For your neck, place those same two fingertips in the groove beside your windpipe on one side. Don’t press on both sides of your neck at the same time, as this can make you dizzy or cause you to faint.
Once you feel the beat, count for a full 60 seconds while watching a clock. A quicker method is to count for 15 seconds and multiply by four, though the full minute gives you a more accurate number and lets you notice any irregularity in the rhythm.
How Accurate Are Smartwatches?
Wrist-worn heart rate monitors are reasonably reliable at rest. A study published in the Journal of the American College of Cardiology found that at rest, wearable devices were off by an average of about 5 beats per minute compared to a medical-grade ECG in people with normal heart rhythms. That’s close enough to be useful for everyday tracking.
Accuracy drops during exercise. At peak exertion, the average error grew to nearly 14 bpm in people with normal rhythms. For people with atrial fibrillation (a common irregular heartbeat), the numbers were much worse: off by about 29 bpm on average during exercise, with some devices deviating by 30 bpm or more. If you have an irregular heartbeat, wearable readings during exercise are not dependable. A manual check or a chest-strap monitor will be more reliable.
Using Your Pulse Rate During Exercise
Your pulse is one of the simplest ways to gauge workout intensity. To estimate your maximum heart rate, multiply your age by 0.7 and subtract the result from 208. For a 40-year-old, that works out to 208 minus 28, or 180 bpm.
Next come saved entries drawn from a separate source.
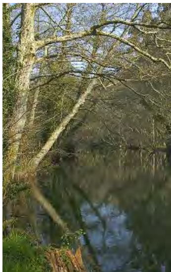
Ribeiras do río Xuvia
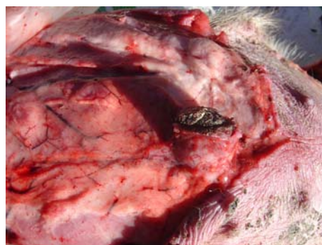
Figura 6 - Onfalite

De referir ainda que ocorreram 2 mortes no grupo Controle, sendo a causa de morte de um dos leitões uma onfalite.
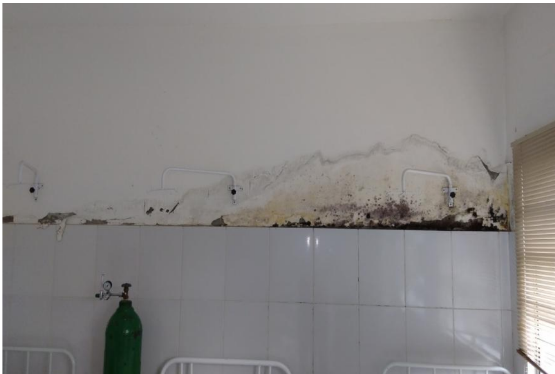
Figura 1 - Manifestações patológicas nas paredes da UBS Lucia Elena dos Santos
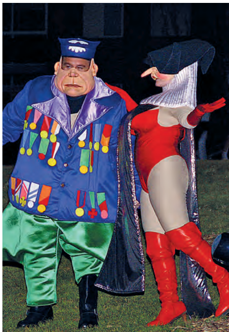
Figura 24. En Caudalillo i la Pepa en el judici, 2012.

control. No vol que la gent s'ho passi bé. Rígid i robust, fa por o fa pena, però ell vol dominar i ser temut. Es relaciona autoritàriament amb els altres per por de fer el ridícul. Vol controlar i eliminar en Carnestoltes. Sempre es pensa que té la raó i la solució per a tot. Vol tenir molt de poder, semblar molt dur, sempre parla donant ordres i no vol que li portin la contrària. Ell i el Calollu són els encarregats de prendre el Carnestoltes.
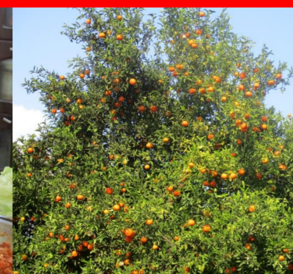
Die Orange: Wahrzeichen der Çukurova.
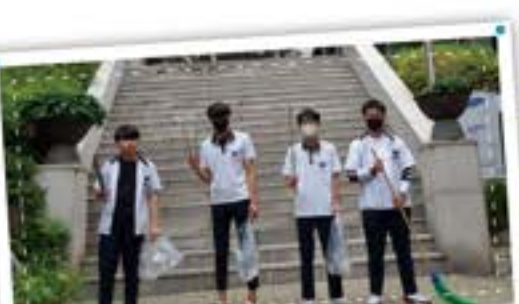
지속가능 환경을 만들자! 플로깅 챌린지!
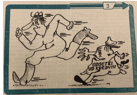
Ilustracja z czasopisma "Chłopska Droga"

– tożsamość chłopską komunikuje się tu przy użyciu prostych tropów wizualnych: luźne ubranie i czapka, duży, obły nos, gumki; wiejską przestrzeń sprowadza się natomiast do pola lub ganka chałupy. Bez wątpienia ostrze satyry wymierzone jest jednak w kulturę dominującą: wykańczające rolników kredyty (worek z napisem „odsetki od kredytu” ścigający przerażonego mężczyznę; walizka z pieniędzmi, która okazuje się „kredytem wziętym na kredyt”); reformy gospodarcze („plan Balcerowicza” alegoryzowany jako pętla na szyi), reprivatyzujących posiadłości ziemian (pomnik wystawiony dziedzicowi) czy też konkretnych polityków, do których zdjęć dodawane są komiksowe dymki. „Biedazupka to jest to”, mówi Jacek Kuroń, Lech Wałęsa prosi: „Tylko nie mlekiem po oczach”, a Leszek Balcerowicz zastanawia się, „jak pokochać wieś”. Humor, często czarny, nie rozmywa politycznego wymiaru ostrych analiz wiejskiej rzeczywistości obecnego w reportażach i felietonach. Jest raczej kolejnym sposobem opowiadania o codziennym doświadczaniu skutków transformacji ustrojowej, o wymiernych efektach globalnych

From there, exercise intensity breaks down into two main zones. Moderate intensity, the kind you’d hit during a brisk walk or casual bike ride, falls between 50% and 70% of your maximum. For that same 40-year-old, that’s roughly 90 to 126 bpm. Vigorous intensity, like running or high-intensity interval training, corresponds to 70% to 85% of your maximum, or about 126 to 153 bpm.
These are estimates. The formula works well for population averages but can be off by 10 to 15 bpm for any individual. How you feel during exercise, whether you can hold a conversation or are gasping for air, remains a reliable complement to the numbers on your wrist.